◆ Task details
Beginning at the line containing "Santa giving out" in the material below and ending at the line containing "For several days", return each line exactly and add nothing.

◆ Data listing
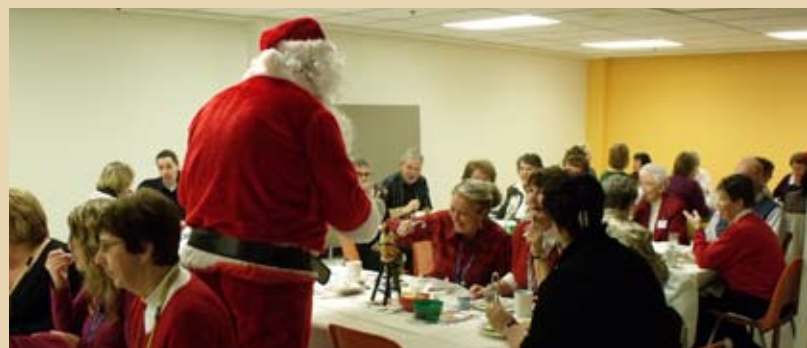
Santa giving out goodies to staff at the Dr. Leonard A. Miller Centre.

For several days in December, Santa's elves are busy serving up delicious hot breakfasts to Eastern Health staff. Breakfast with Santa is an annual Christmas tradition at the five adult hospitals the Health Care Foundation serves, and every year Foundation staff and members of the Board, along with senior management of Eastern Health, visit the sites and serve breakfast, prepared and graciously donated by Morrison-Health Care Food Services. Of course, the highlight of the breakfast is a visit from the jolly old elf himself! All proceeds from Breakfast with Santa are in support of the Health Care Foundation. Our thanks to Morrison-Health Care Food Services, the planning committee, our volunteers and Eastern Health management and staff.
...
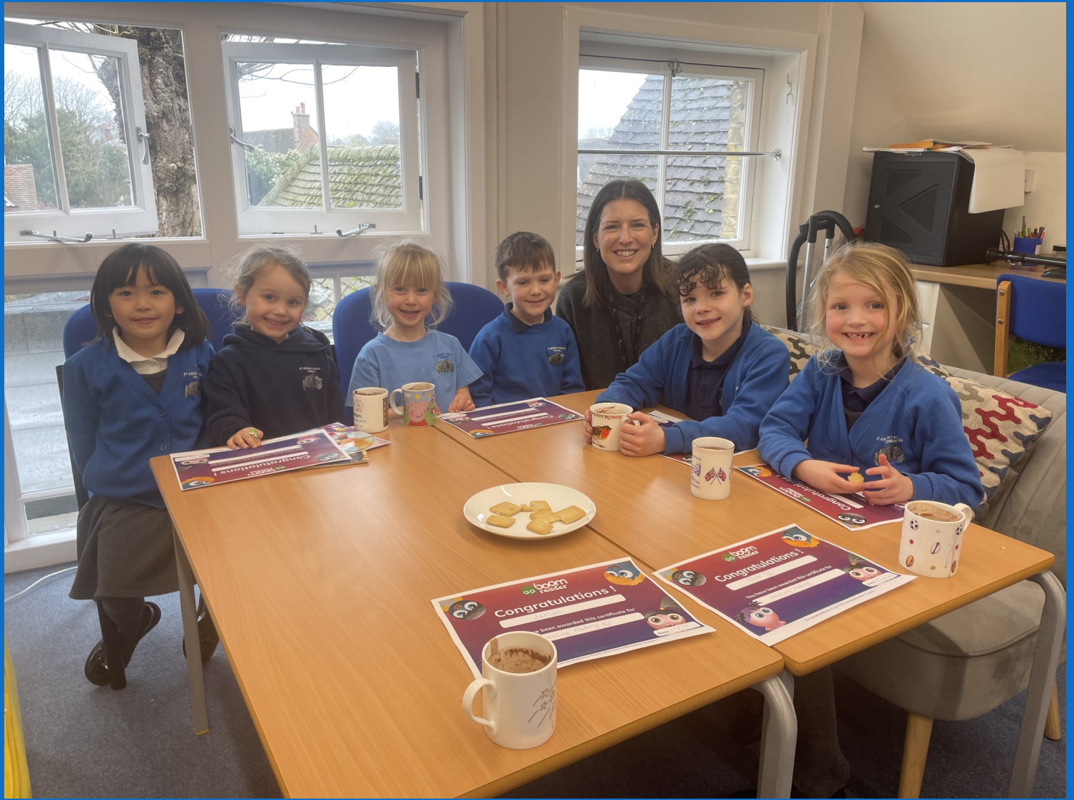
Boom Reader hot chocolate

◆ Answer to this task
Santa giving out goodies to staff at the Dr. Leonard A. Miller Centre.

For several days in December, Santa's elves are busy serving up delicious hot breakfasts to Eastern Health staff. Breakfast with Santa is an annual Christmas tradition at the five adult hospitals the Health Care Foundation serves, and every year Foundation staff and members of the Board, along with senior management of Eastern Health, visit the sites and serve breakfast, prepared and graciously donated by Morrison-Health Care Food Services. Of course, the highlight of the breakfast is a visit from the jolly old elf himself! All proceeds from Breakfast with Santa are in support of the Health Care Foundation. Our thanks to Morrison-Health Care Food Services, the planning committee, our volunteers and Eastern Health management and staff.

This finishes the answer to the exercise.